Acsády Judit és Mészáros Zsolt: Rural Feminism and its Links to National and International Organizations in Hungary 1904-1918

címmel tart előadást, Eleventh European Social Science History conference (ESSHC) in Valencia, 30 March - 2 April 2016. University of Valencia.

Abstract

Feminist movements on the turn of the century are often seen as exclusively urban movements. Yet, the re-examination of archive sources, correspondence and contemporary publications show that activist outside of capitals and cities were involved as well. The Budapest centred national organization, the Feminist Association (founded in 1904 as the Hungarian auxiliary of IWSA) had a large number of local groups and supporters all over the country including women from small towns and also peasant women from rural areas, as typical examples of organizations from below. History writing has neglected these scenes and these activists so far.

The paper aims to describe the ways of functioning, the motivations, the activities of the local groups, highlighting their connections with the main office of the organization in Budapest and also the direct or indirect links to the international level (for example Hungarian delegates of local rural feminist groups were present first ever at an IWSA congress in Amsterdam, 1908).

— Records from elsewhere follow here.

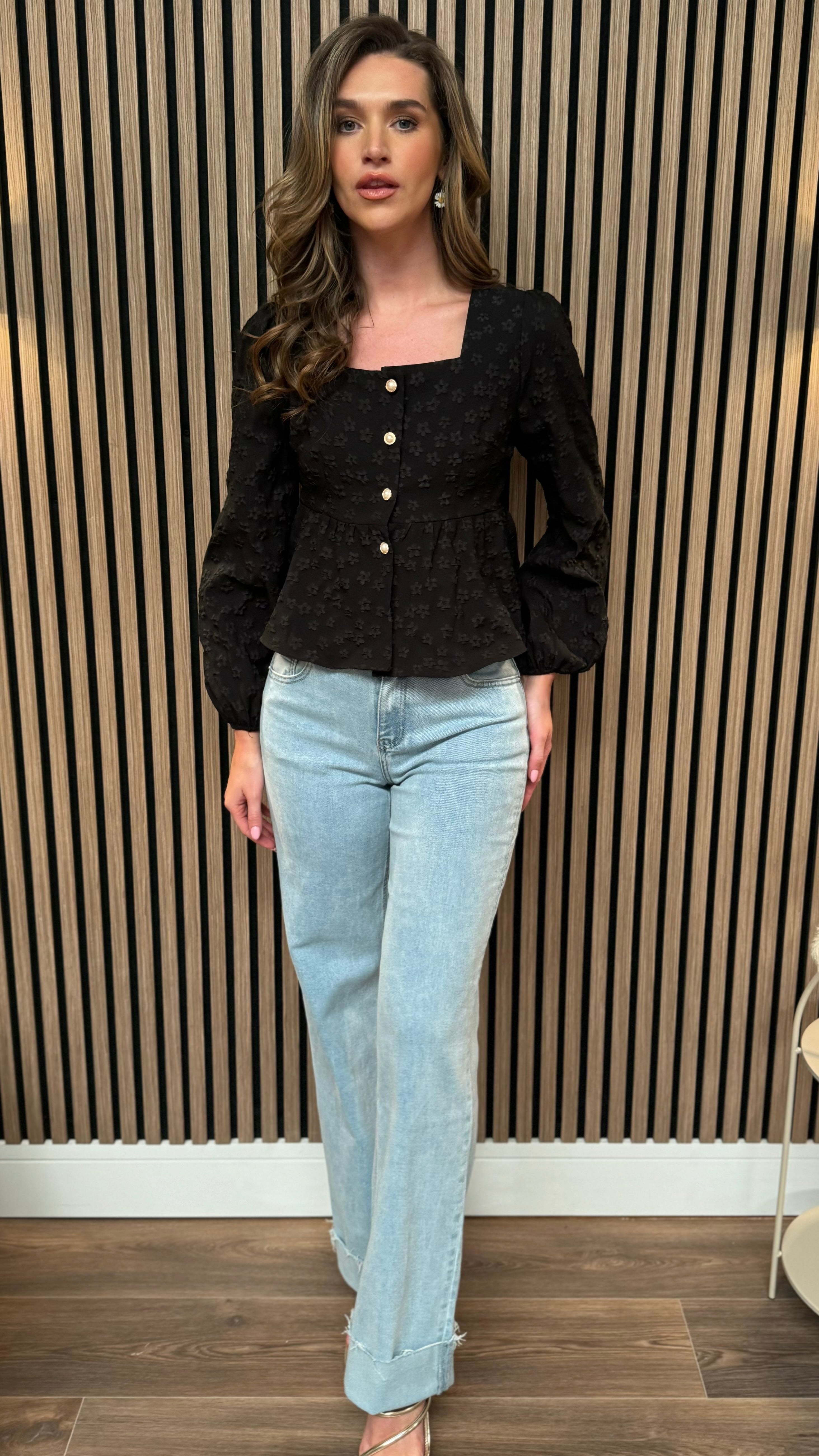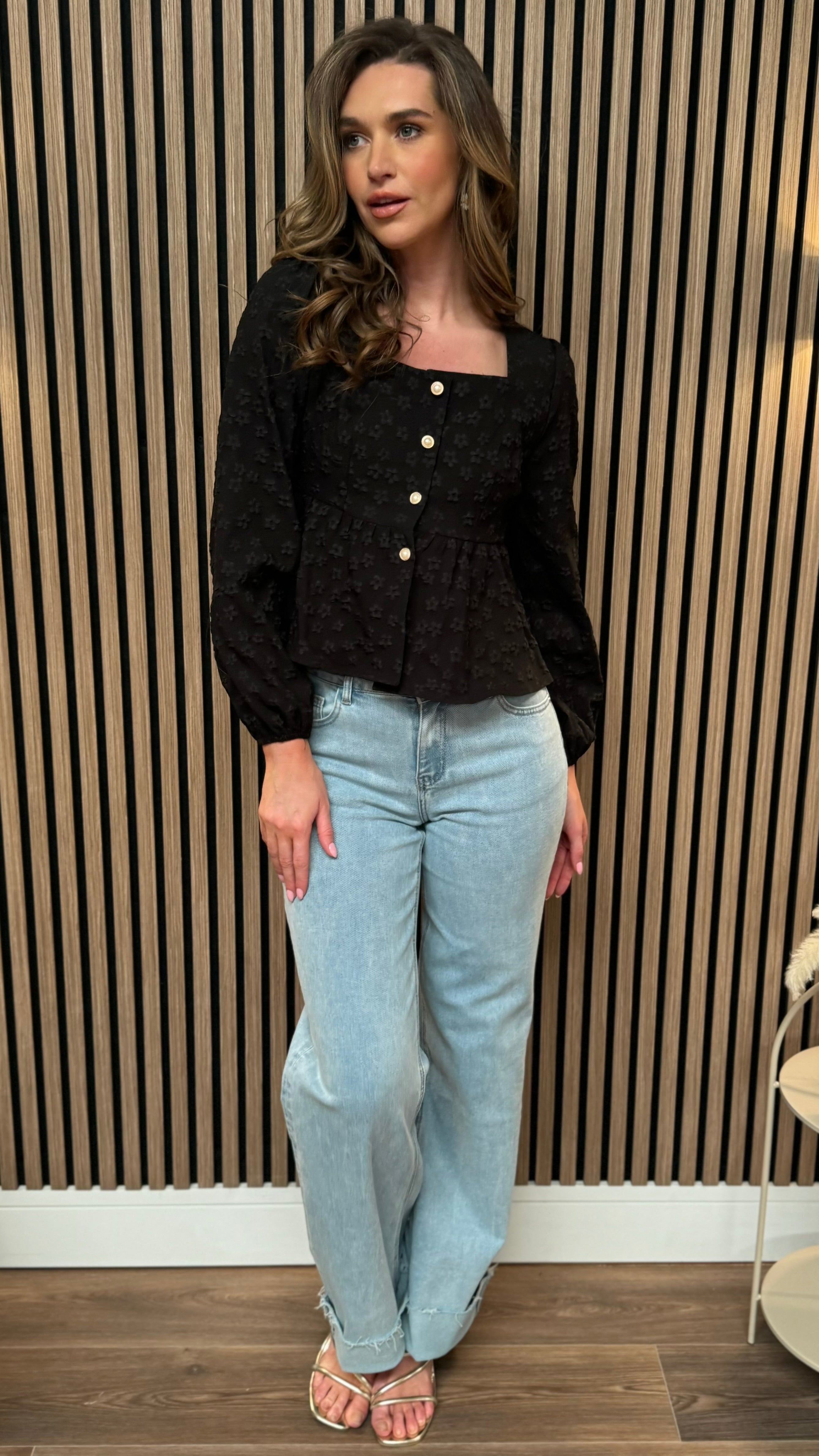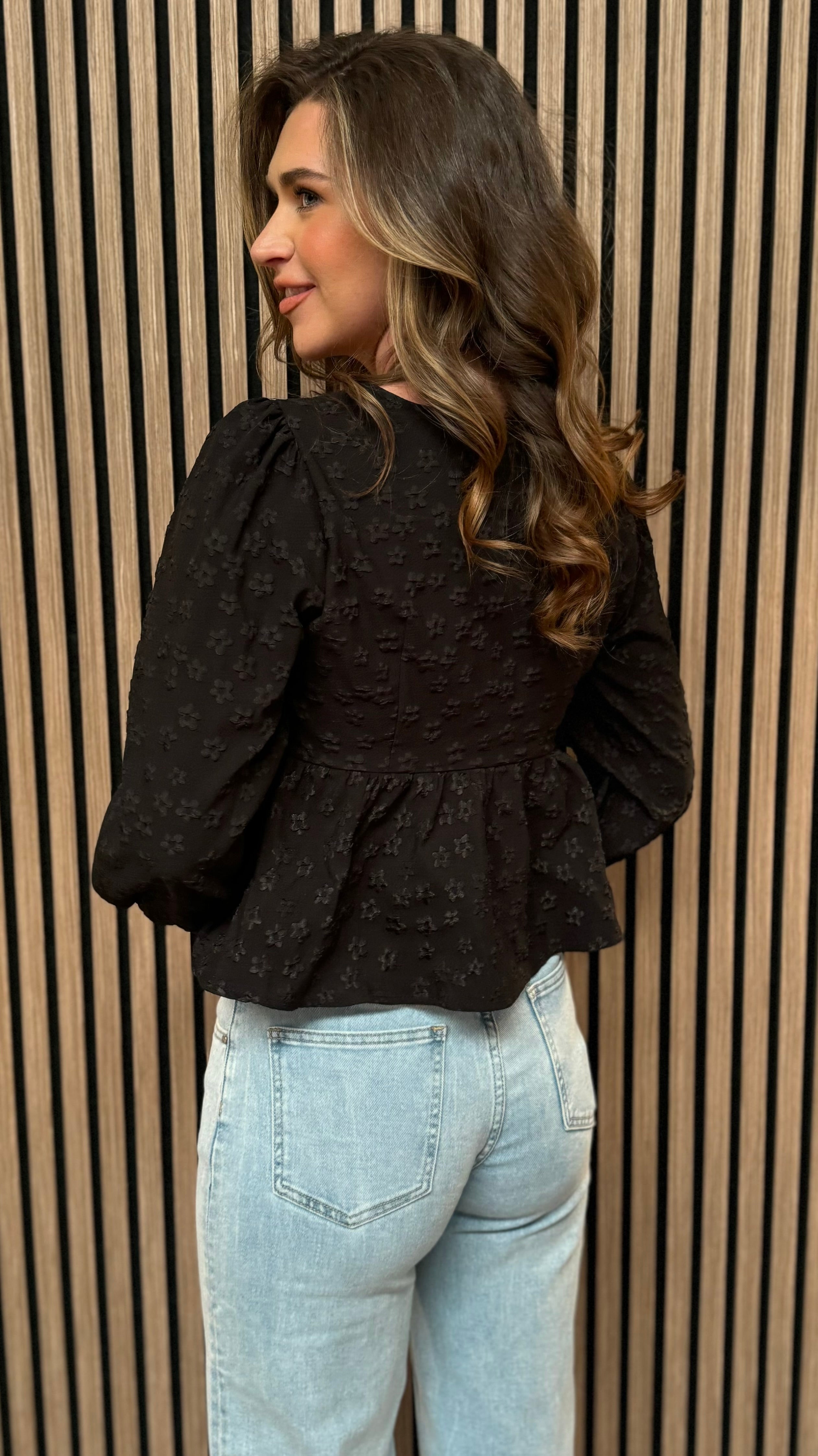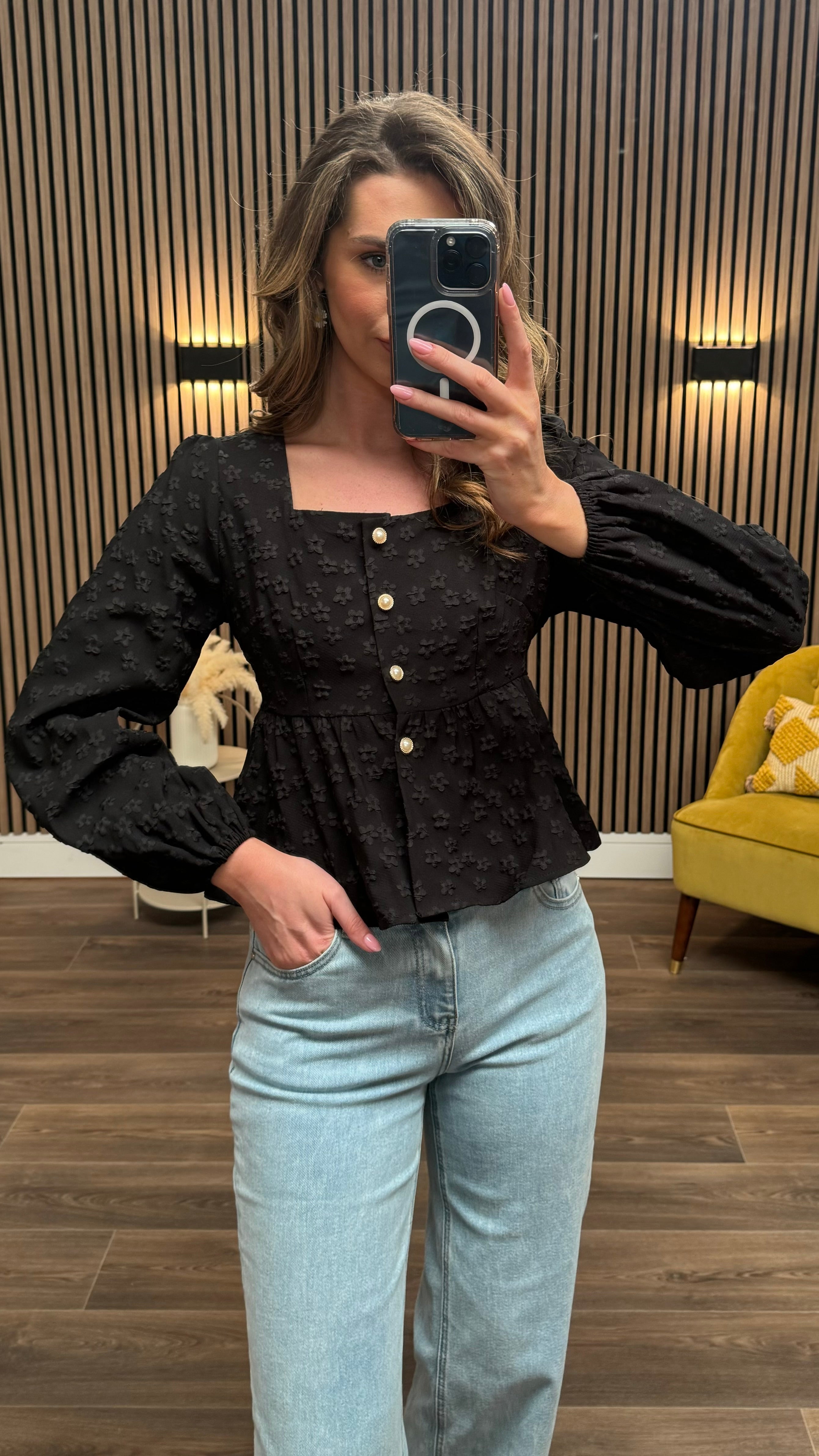 Get ready to bloom in style with our Farren Black Floral Printed Button Down Peplum Top! This unique top features a flattering square neckline and a playful peplum design. Perfect for adding a touch of fun to any outfit. 🌸🌼
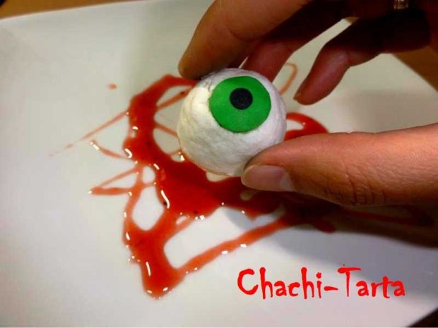 Como sacados de alguna escena sangrienta de las pelis de terror, así me han quedado estos ojos sangrientos con los que me convertí en una de las ganadoras del concurso de recetas de Halloween de Cookpad.
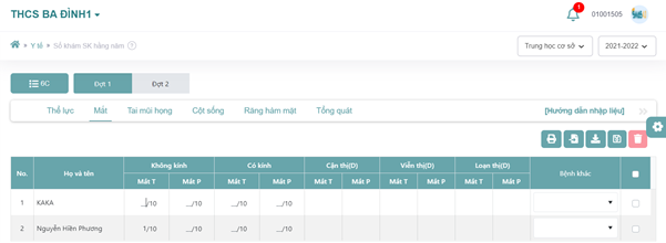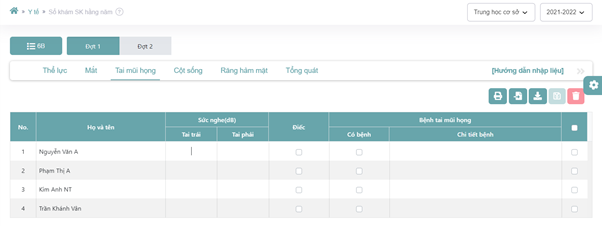 + Bệnh tai mũi họng - Có bệnh: Kích chuột vào ô nếu học sinh đó có bệnh về tai mũi họng
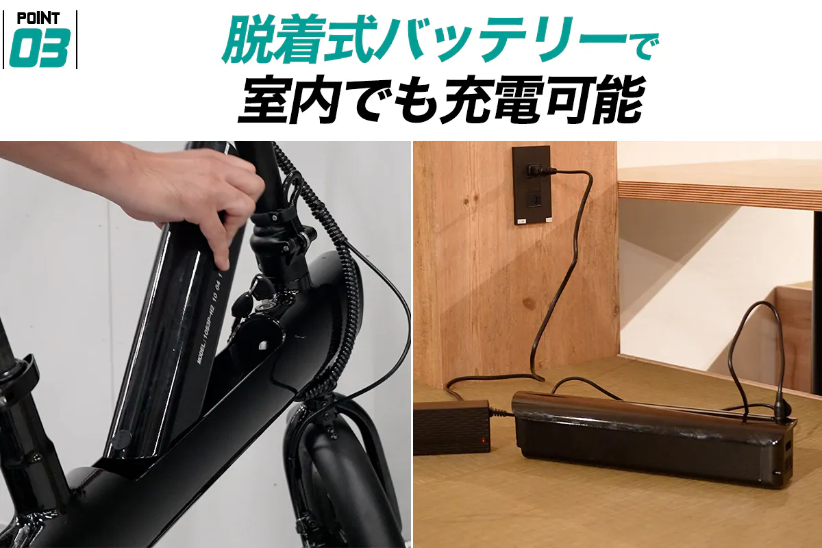 ・脱着式バッテリーで室内でも充電可能
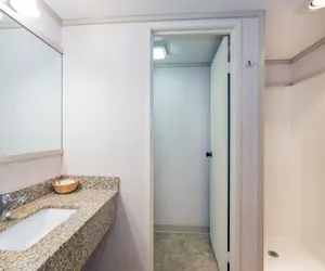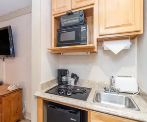 This room provides you with a two-burner cooktop, mini-fridge, microwave, toaster, coffee-maker, and the pans and dishes you need to complete any meal. The queen bed and twin bed are all in the same room. The bathroom has a large exterior vanity area and a step-in shower.

At the same time the paper aims to reveal these in comparison with the way how the main office of the Feminist Network in Budapest was connected to the IWSA.  How values fluctuated, how female empowerment and expressions of solidarity passed through these links and networks? What characterizes the strategies on the international, national and local levels? How were the activities harmonized? What significances personal relations had and how these personal connections influenced the movements? Beyond the comparative analysis the paper will also give so far not recognised examples of how local feminist activities were accepted by the local communities.